African and Portuguese researchers have created detailed maps of solar energy distribution in Mozambique with the use of measuring instruments and machine learning technologies. These data will make it possible to plan the positioning and capacity of solar power plants with more precision, especially in rural and remote areas which do not have a stable power supply yet.
Mozambique has one of the lowest electrification rates in Africa. More than 80% of the country’s rural population have no access to electricity. At the same time, the country is located in an area with high solar potential, the full use of which is hindered by the natural features of the region: unstable solar radiation during the day, cloudiness and the presence of dust and water vapor. This is why it is crucial for Mozambique to accurately predict the amount of incoming energy in a given place and at a given time to make sure solar farms operate efficiently.
To this end, the researchers from Mozambique’s Eduardo Mondlane University and Portugal’s University of Lisbon have developed a method for high-precision solar energy mapping with a time resolution of up to one minute and a full territorial coverage of the country. The method is based on the so-called clear sky index (K*ₜ), an indicator that reflects how close the actual level of solar radiation is to the theoretical maximum under a completely clear sky. The index is calculated as the ratio of the actually measured radiation to the calculated value for ideal conditions, showing the degree of atmospheric transparency at any given time.

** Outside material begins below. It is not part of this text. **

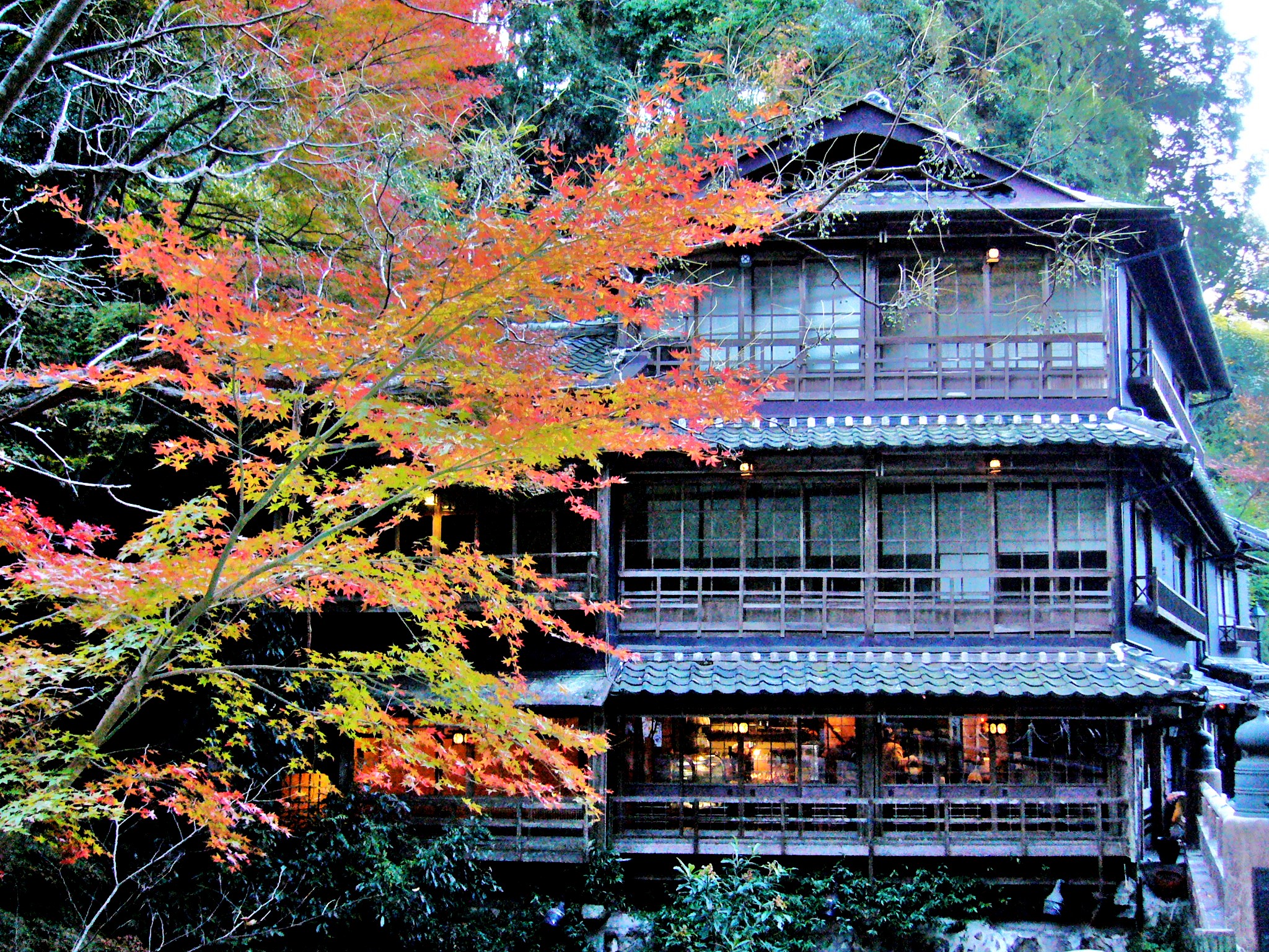一の橋を渡った少し先の滝道沿いに「和モダンなオーベルジュ」をコンセプトにした泊まれる料亭「音羽山荘」があります。大正15年(1926)建築の大正モダニズムと気品漂うアール・デコ様式を取り入れた邸宅をリノベーションしています。増築を重ねてきた建物は、緩やかな曲線を描く滝道に沿って建てられているので、箕面川沿いの紅葉を取り入れた絶好の被写体になります。手前の橋は「聖天橋」といい、ここを渡ると聖天宮西江寺~聖天展望台に至りますよ。音羽山荘の裏山に聳える紅葉を見ながら登る展望台では大阪平野が一望できます。

To collect data, the scientists used 11 measuring stations installed in different provinces of Mozambique. Each station used state-of-the-art devices: pyranometers for measuring overall solar radiation, pyrheliometers for recording direct solar radiation and diffuse radiation sensors. In total, over 500 million measurement points with a time step of 1 to 10 minutes were recorded over the three-year period under study. In addition, satellite and meteorological data from international space agencies (NASA, NOAA, Meteonorm and AERONET) were included in the analysis, making it possible to expand coverage and improve the accuracy of the assessment of atmospheric and climate factors. A number of machine learning models were used to analyze and forecast solar radiation. The algorithms used included neural networks, random forests, support vector machines and other regression methods. These models allowed the researchers not only to accurately reconstruct the dynamics of solar flux based on incomplete or noisy data, but also to identify patterns in the spatial and temporal distribution of energy.
The analysis showed that solar energy distribution across Mozambique is extremely uneven. The south of the country has more clear days and a higher clear sky index, making this part of Mozambique particularly promising for solar generation. In the northern and central regions, significant fluctuations are observed due to cloudiness, atmospheric aerosols and the influence of seasonal cyclones.
It is planned to use the results of the study to improve the accuracy of energy production forecasts, choose the best locations for solar power plants based on regional specifics and reduce the risks of interruptions and fluctuations in power, especially in isolated and rural power grids.
Generally speaking, the study confirms the high potential of solar insolation in African countries. Based on the clear sky index, Mozambique surpasses most of the countries in Europe and the humid tropics of Asia, its climate conditions approaching Brazil and Mexico in terms of solar activity. The study shows that, although North African countries such as Egypt and Morocco have slightly higher indicators, Mozambique’s climate conditions make it a promising hub for the development of solar energy in the southern part of the continent.